# Directions
Look in the data below for the line that has "Anthropologie Ember Kaftan.", then print exactly every line from there through the line that has "если подсчитать ЕВ", leaving pictures out.

*** Opening of Extracted data ***

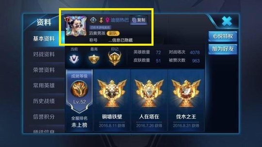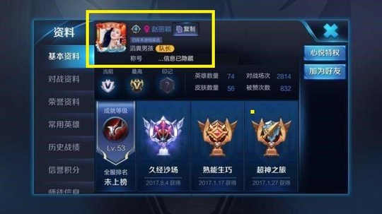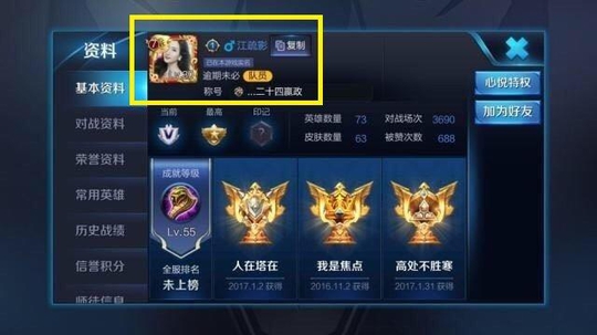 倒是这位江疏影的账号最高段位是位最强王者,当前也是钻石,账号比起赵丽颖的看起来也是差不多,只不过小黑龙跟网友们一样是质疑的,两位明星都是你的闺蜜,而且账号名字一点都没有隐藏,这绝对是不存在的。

*** Close of Extracted data ***
*** Opening of Extracted data ***

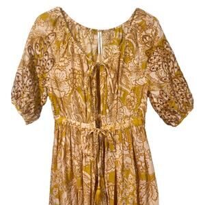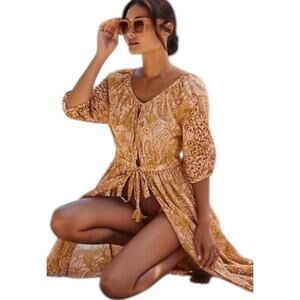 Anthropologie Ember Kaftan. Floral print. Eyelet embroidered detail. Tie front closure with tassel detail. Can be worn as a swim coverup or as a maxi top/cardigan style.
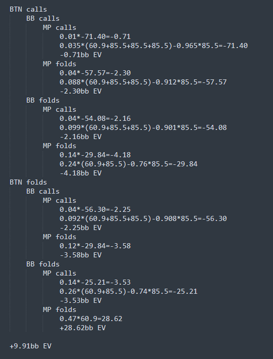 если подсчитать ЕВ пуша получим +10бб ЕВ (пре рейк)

*** Close of Extracted data ***

# Answer section
 Anthropologie Ember Kaftan. Floral print. Eyelet embroidered detail. Tie front closure with tassel detail. Can be worn as a swim coverup or as a maxi top/cardigan style.
 если подсчитать ЕВ пуша получим +10бб ЕВ (пре рейк)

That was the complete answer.